1 October 2009

Local Class Alliance

[CU for Friday, 2 October 2009]

The politics of class alliance at national level are well understood and well executed in South Africa in terms of the National Democratic Revolution (NDR) policy developed during the last nine decades, which led to the democratic breakthrough of 1994 and which remains the dominant framework of South African politics, having been refreshed at Polokwane in 2007. At national level, the interests of the working class continue to be well articulated through the South African Communist Party (SACP), and the trade union movement whose largest centre is COSATU.

The petty bourgeoisie, on the other hand, has no dedicated political expression at national level, and nor has the peasantry. They are compelled to rely on others. This is in spite of the large size of these segments of the population in South Africa. It is a consequence of the “sack-of-potatoes” nature of both of these two classes, the rural petty-bourgeoisie who are the peasants, and the urban peasants, who are the petty-bourgeois.

Both classes are made up of individualists, who aspire to live autonomously, with everything of their own. The working class must represent the interests of these (mostly very poor) sections of the population at national level, while the established bourgeoisie would wish to exploit them as political foot-soldiers for capitalism, and also to exploit them directly, in the predatory way that the big bourgeoisie likes to feed off the small bourgeoisie, which Rosa Luxemburg described so well in Chapter 2 of “Reform or Revolution?” (linked below).

At local level, the situation is reversed. In South Africa, the organised working class has hardly any formal presence at, in particular, electoral ward level. Here the petty-bourgeois individualists are working on home ground and at the same scale as their own business operations. COSATU Locals and Socialist Forums are in the shade, if they exist at all. The SACP generates cadres, and organises and assists the masses, including the ANC, in many different ways, but it does not stand candidates in elections.

In terms of theory, too, there is very little that would serve as ideological guidance to the working class, locally. Whereas the petty-bourgeoisie has an abundance of material and history to rely on, some of which is linked below. The town is the birthplace of the bourgeoisie and the natural territory of the petty-bourgeoisie, and the municipality is the “executive committee” of the local bourgeoisie. Not only is it their instrument, but it is their regenerator, whose job it is to reproduce bourgeois relations at local level and to bring forth new generations of bourgeois-minded councillors and bureaucrats.

In the past, one effective working-class tactic was to confront this concentration of local bourgeois strength with an organised workers’ democratic power. In Russia, this took the form of the “soviet”. The first one, as Vladimir Shubin relates, was set up in the textile manufacturing centre of Ivanovo, in 1905. Another tactic, problematic though it has been, is the setting up of producer and consumer co-operatives. This discussion will have to develop both of these perspectives in due course.
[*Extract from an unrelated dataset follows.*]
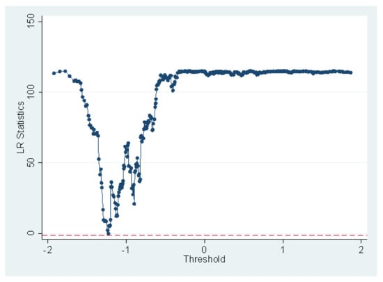 In order to examine the panel threshold approach as developed by Hansen [74,75], this study has applied the bootstrap technique, which permits the structure of a confidence interval and evaluation of the statistical consequence of the threshold level identified. Therefore, we first estimated the single and multiple threshold models and, interestingly, found a single threshold to be significant at the 1% level, while two and three thresholds appeared to be insignificant. For the single threshold, we found a significant value at the 1% level. This finding implies the nexus between fiscal policy and CO2 emission. The threshold point of −1.2889 is critical and specifies a turning point at which level the effect of fiscal policy on CO2 emission is significant. The findings present important policy implementations for policymakers and regulatory authorities to maintain a minimum point of fiscal policy at −1.2889 in order to obtain more positive advantages of fiscal policy, because when fiscal policy drops under this level, it could have a negative effect on CO2 emissions. To be more specific, governments need to pay serious attention to increasing fiscal policy above the −1.2889 threshold level. Figure 5 graphically illustrates the threshold regression. The relevant results and statistics of the threshold are presented in Table 9 and Table 10, respectively.

For today, our CU job is to review some of the debate in the literature of petty-bourgeois development. Let it be understood that it is not the aim of the working class to drive any other class to early extinction. In the spirit of the same “18th Brumaire of Louis Bonaparte” wherein Karl Marx described the peasantry, though sympathetically, as a “sack of potatoes”, because they could not unite, the working class must lead the weaker classes and make provision for them in terms that will satisfy them. For the classic peasantry, this meant giving them land and a market for their produce. For the petty bourgeoisie, it is the freedom to do business, and the guarantee, against the predatory monopolists, of a market. We, as the proletariat, also need these classes as allies against the monopoly bourgeoisie. Therefore, as partisans of the working class, we should read these works with a serious interest.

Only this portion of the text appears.